**How to complete this task:** Would you print the listing that follows exactly, but without its pictures?

**Supplied data:**
★ ★ ★ ★ ★

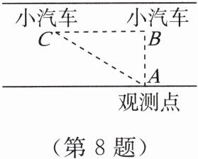 8. 【数学应用】《中华人民共和国道路交通管理条例》规定:小汽车在城市街路上行驶速度不得超过70km/h。如图,一辆小汽车在一条笔直的城市街路上直线行驶,某一时刻刚好行驶到路对面车速检测仪A正前方30m的B处,过了2s后,测得小汽车(C)与车速检测仪A之间的距离为50m,这辆小汽车超速了吗?
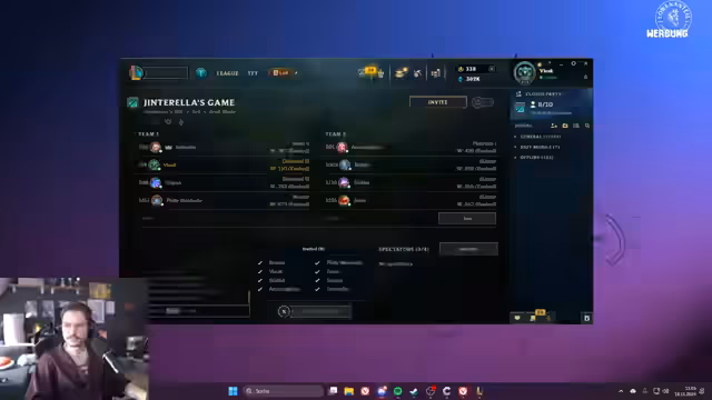 00:07:14Der Stream startet mit einem Flex-Q-Match, einem 'Boys vs. Girls'-Game zwischen Teams, die unter anderem Bröki, Chef Strobl und Yushi sowie Ginny und Jintarella umfassen. Der Streamer plant, solange zu spielen, bis es Spaß macht, und erwägt einen zweiten Stream am Abend, nachdem er persönliche und berufliche Aufgaben erledigt hat. Er erwähnt, dass er wegen neuer Zahnschmerzen eine schwierige Zeit hat, aber hofft, dass es bald besser wird.
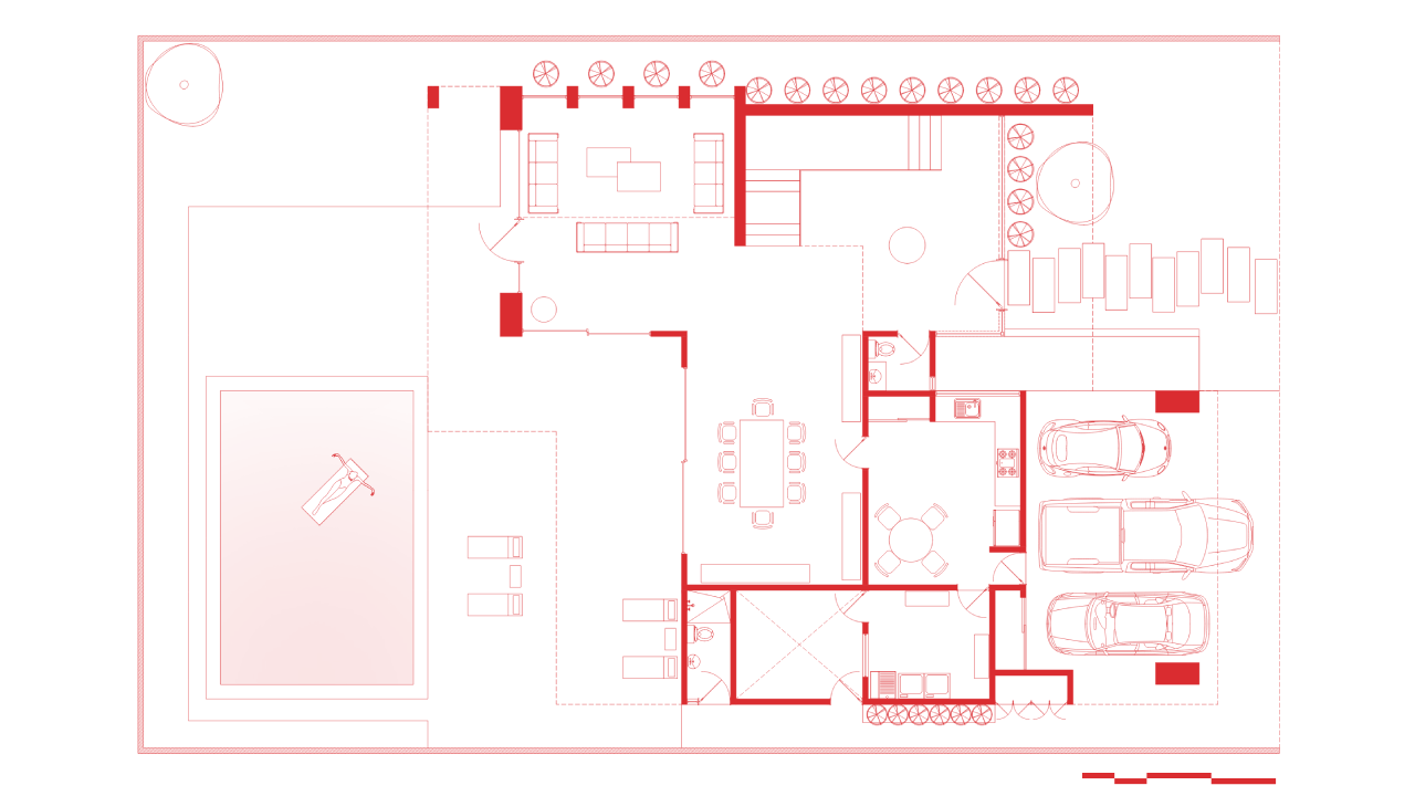 La planta baja de la casa moderna Nogal está diseñada bajo un esquema funcional que prioriza la integración social y la conexión con el exterior. Desde el acceso principal, se desarrolla un vestíbulo a doble altura que organiza la circulación vertical y define el eje central del proyecto. La planta baja se organiza bajo un concepto abierto que integra sala, comedor y cocina en un mismo eje visual. Esta disposición no solo favorece la convivencia familiar, sino que también permite una transición fluida hacia la terraza y la alberca. De esta manera, el interior se prolonga hacia el exterior, generando una experiencia espacial continua.

★ ★ ★ ★ ★

**Solution for this task:**
 8. 【数学应用】《中华人民共和国道路交通管理条例》规定:小汽车在城市街路上行驶速度不得超过70km/h。如图,一辆小汽车在一条笔直的城市街路上直线行驶,某一时刻刚好行驶到路对面车速检测仪A正前方30m的B处,过了2s后,测得小汽车(C)与车速检测仪A之间的距离为50m,这辆小汽车超速了吗?
 00:07:14Der Stream startet mit einem Flex-Q-Match, einem 'Boys vs. Girls'-Game zwischen Teams, die unter anderem Bröki, Chef Strobl und Yushi sowie Ginny und Jintarella umfassen. Der Streamer plant, solange zu spielen, bis es Spaß macht, und erwägt einen zweiten Stream am Abend, nachdem er persönliche und berufliche Aufgaben erledigt hat. Er erwähnt, dass er wegen neuer Zahnschmerzen eine schwierige Zeit hat, aber hofft, dass es bald besser wird.
 La planta baja de la casa moderna Nogal está diseñada bajo un esquema funcional que prioriza la integración social y la conexión con el exterior. Desde el acceso principal, se desarrolla un vestíbulo a doble altura que organiza la circulación vertical y define el eje central del proyecto. La planta baja se organiza bajo un concepto abierto que integra sala, comedor y cocina en un mismo eje visual. Esta disposición no solo favorece la convivencia familiar, sino que también permite una transición fluida hacia la terraza y la alberca. De esta manera, el interior se prolonga hacia el exterior, generando una experiencia espacial continua.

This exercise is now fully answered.